* [Problem to work on]: For the material below, reproduce exactly each line from the one that has "Aufgrund der Erfahrungen" through the one that has "Постановление Правительства Ивановской области от 05.07.2017", and no others; pictures stay out.

* [Data]:

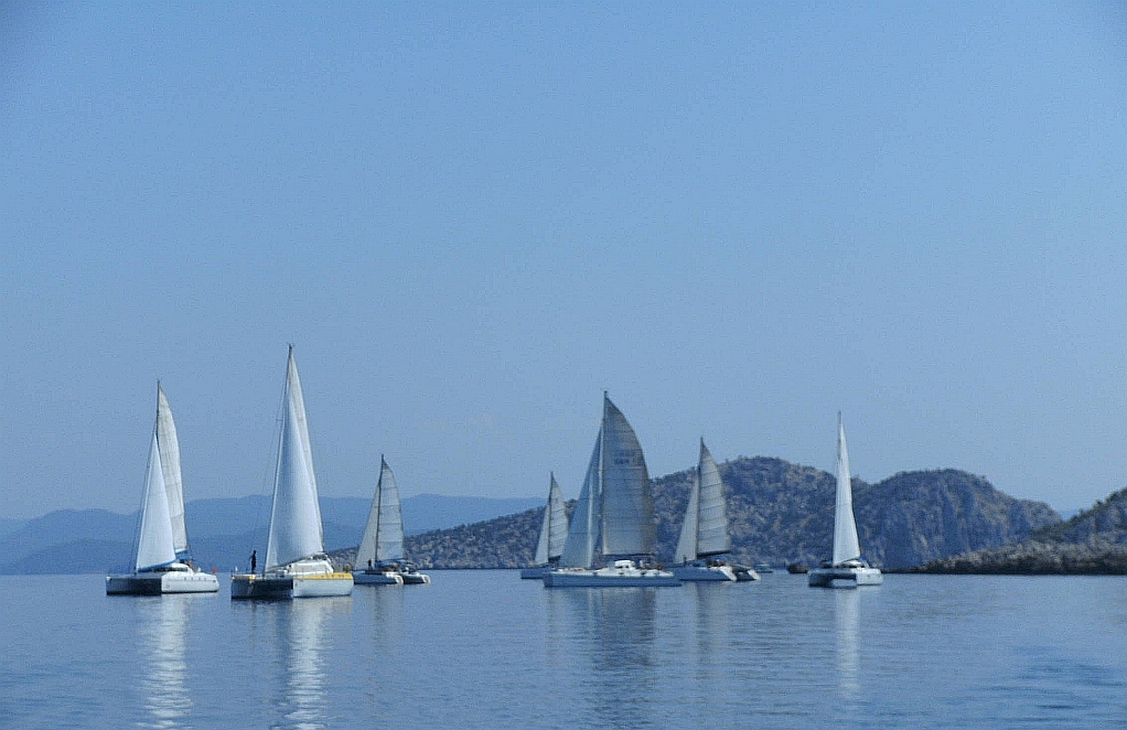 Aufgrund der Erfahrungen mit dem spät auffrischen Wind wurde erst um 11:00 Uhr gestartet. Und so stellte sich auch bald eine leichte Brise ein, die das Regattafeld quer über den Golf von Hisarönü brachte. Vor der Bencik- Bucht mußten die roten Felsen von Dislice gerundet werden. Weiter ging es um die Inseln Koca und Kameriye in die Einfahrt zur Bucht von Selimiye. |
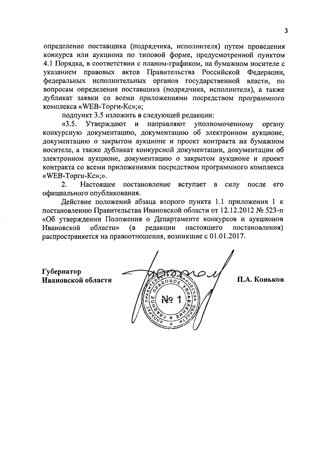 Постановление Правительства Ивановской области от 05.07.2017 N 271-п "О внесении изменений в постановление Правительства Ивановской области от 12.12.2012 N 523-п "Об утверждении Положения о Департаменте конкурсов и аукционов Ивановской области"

--

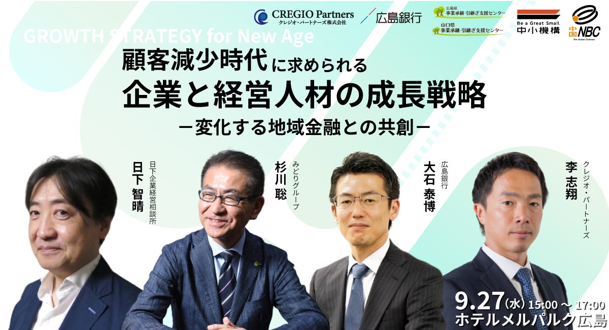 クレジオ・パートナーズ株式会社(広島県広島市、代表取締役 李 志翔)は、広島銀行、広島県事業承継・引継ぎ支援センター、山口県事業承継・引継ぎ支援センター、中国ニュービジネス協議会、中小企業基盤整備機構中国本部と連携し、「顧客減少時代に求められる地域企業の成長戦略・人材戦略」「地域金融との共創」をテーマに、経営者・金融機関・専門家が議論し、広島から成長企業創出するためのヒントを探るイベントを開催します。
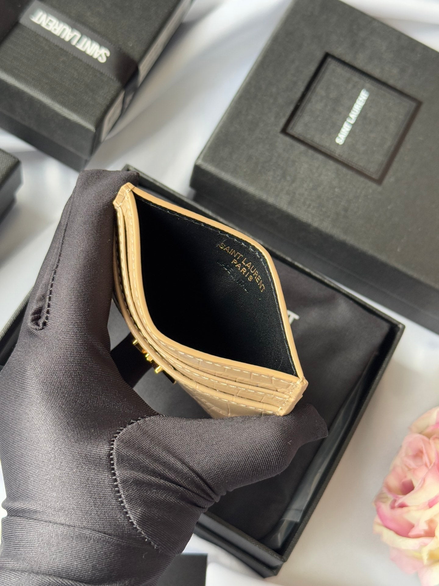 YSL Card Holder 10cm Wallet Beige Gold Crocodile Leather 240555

* [Output for this task]:
 Aufgrund der Erfahrungen mit dem spät auffrischen Wind wurde erst um 11:00 Uhr gestartet. Und so stellte sich auch bald eine leichte Brise ein, die das Regattafeld quer über den Golf von Hisarönü brachte. Vor der Bencik- Bucht mußten die roten Felsen von Dislice gerundet werden. Weiter ging es um die Inseln Koca und Kameriye in die Einfahrt zur Bucht von Selimiye. |
 Постановление Правительства Ивановской области от 05.07.2017 N 271-п "О внесении изменений в постановление Правительства Ивановской области от 12.12.2012 N 523-п "Об утверждении Положения о Департаменте конкурсов и аукционов Ивановской области"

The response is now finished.